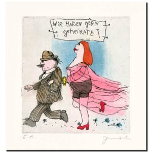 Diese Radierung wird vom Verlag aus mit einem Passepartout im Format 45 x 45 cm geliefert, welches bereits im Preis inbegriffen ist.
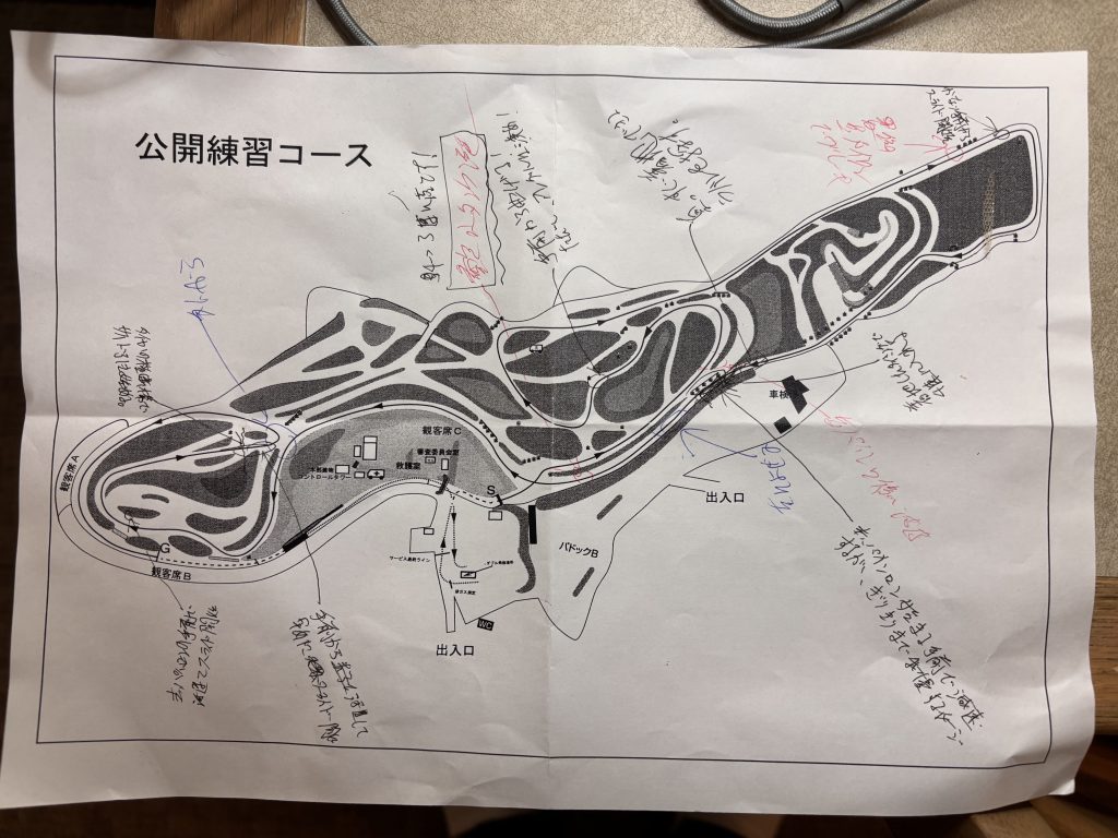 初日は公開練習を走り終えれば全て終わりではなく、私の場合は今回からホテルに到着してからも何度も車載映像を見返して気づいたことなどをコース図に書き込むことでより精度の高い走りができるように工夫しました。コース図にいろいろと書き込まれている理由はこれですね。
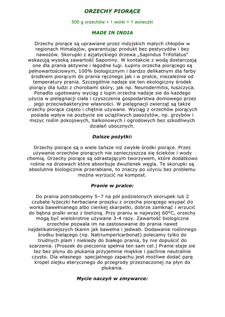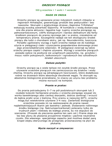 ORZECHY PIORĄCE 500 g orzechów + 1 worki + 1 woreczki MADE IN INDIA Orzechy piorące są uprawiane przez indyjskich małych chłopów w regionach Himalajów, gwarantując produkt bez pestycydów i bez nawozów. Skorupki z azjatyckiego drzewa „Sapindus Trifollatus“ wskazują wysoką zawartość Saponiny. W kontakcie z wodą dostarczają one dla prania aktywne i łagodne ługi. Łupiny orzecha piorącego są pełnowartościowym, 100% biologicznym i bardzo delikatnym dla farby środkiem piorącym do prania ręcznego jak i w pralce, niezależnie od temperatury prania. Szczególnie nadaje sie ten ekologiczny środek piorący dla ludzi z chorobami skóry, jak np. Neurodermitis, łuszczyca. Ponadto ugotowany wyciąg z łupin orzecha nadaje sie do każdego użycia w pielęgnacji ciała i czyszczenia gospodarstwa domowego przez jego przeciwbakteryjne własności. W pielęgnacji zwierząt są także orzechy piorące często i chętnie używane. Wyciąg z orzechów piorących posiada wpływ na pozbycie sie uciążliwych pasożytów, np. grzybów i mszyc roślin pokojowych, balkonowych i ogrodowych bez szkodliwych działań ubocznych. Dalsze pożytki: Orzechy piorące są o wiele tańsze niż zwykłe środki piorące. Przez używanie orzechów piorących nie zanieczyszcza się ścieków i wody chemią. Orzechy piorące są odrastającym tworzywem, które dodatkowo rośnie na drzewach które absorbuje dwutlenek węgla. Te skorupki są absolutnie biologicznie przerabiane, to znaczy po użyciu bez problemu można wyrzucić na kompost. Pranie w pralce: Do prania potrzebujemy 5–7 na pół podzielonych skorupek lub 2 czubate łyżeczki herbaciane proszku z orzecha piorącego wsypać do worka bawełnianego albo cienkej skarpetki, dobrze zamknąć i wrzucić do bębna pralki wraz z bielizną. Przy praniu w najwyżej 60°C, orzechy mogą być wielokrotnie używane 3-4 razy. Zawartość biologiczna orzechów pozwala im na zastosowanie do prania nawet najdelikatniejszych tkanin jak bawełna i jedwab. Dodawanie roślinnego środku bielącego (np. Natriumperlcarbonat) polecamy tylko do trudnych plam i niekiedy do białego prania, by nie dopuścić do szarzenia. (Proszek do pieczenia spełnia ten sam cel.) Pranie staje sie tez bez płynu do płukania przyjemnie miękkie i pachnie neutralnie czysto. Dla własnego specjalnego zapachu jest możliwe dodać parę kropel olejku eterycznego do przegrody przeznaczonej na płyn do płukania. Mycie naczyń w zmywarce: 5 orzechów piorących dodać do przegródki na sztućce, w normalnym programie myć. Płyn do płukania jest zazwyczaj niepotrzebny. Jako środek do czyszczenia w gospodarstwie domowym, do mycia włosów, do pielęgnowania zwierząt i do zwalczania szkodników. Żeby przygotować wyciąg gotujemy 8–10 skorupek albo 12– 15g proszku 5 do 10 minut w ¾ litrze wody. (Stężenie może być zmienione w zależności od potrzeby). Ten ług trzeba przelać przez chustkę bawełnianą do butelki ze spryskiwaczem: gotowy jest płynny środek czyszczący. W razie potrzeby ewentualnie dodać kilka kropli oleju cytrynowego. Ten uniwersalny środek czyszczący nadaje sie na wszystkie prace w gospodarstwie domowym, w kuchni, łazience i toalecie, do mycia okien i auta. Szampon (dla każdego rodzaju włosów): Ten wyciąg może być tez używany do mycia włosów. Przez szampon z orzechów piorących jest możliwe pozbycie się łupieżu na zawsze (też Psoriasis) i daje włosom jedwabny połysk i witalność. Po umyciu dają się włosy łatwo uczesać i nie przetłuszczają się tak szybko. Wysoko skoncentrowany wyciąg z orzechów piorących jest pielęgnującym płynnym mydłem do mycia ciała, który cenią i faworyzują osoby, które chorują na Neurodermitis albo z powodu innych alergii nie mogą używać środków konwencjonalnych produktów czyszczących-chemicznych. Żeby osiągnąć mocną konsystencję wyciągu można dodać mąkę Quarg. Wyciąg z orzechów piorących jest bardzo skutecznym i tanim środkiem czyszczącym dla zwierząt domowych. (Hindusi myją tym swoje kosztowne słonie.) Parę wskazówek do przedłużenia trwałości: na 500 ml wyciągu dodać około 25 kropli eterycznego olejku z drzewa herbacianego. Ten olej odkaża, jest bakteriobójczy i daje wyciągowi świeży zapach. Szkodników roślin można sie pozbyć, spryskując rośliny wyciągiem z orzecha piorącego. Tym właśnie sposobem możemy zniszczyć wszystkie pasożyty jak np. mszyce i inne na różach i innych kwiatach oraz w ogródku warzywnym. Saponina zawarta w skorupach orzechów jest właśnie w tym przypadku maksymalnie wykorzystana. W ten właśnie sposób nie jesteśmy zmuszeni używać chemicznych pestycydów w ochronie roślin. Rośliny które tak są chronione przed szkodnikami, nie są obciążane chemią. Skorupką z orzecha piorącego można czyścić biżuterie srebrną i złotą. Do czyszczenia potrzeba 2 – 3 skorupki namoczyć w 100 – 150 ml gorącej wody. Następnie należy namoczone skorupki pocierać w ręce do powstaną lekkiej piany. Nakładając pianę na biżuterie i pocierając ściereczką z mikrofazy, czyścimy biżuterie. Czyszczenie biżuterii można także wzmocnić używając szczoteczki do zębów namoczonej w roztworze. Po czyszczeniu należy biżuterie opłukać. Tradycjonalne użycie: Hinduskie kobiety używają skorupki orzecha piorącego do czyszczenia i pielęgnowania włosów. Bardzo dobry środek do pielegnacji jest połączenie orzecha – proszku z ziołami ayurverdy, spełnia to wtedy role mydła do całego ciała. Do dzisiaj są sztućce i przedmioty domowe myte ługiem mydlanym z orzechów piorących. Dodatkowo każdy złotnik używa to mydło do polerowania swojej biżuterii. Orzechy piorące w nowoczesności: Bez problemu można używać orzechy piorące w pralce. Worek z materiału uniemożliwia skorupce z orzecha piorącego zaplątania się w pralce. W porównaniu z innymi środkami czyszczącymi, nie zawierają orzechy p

══════

**What this task involves**
Retyping should start at the first line of the data above and stop after the line with "初日は公開練習を走り終えれば", and no picture should be included.

**Solution to this exercise**
 Diese Radierung wird vom Verlag aus mit einem Passepartout im Format 45 x 45 cm geliefert, welches bereits im Preis inbegriffen ist.
 初日は公開練習を走り終えれば全て終わりではなく、私の場合は今回からホテルに到着してからも何度も車載映像を見返して気づいたことなどをコース図に書き込むことでより精度の高い走りができるように工夫しました。コース図にいろいろと書き込まれている理由はこれですね。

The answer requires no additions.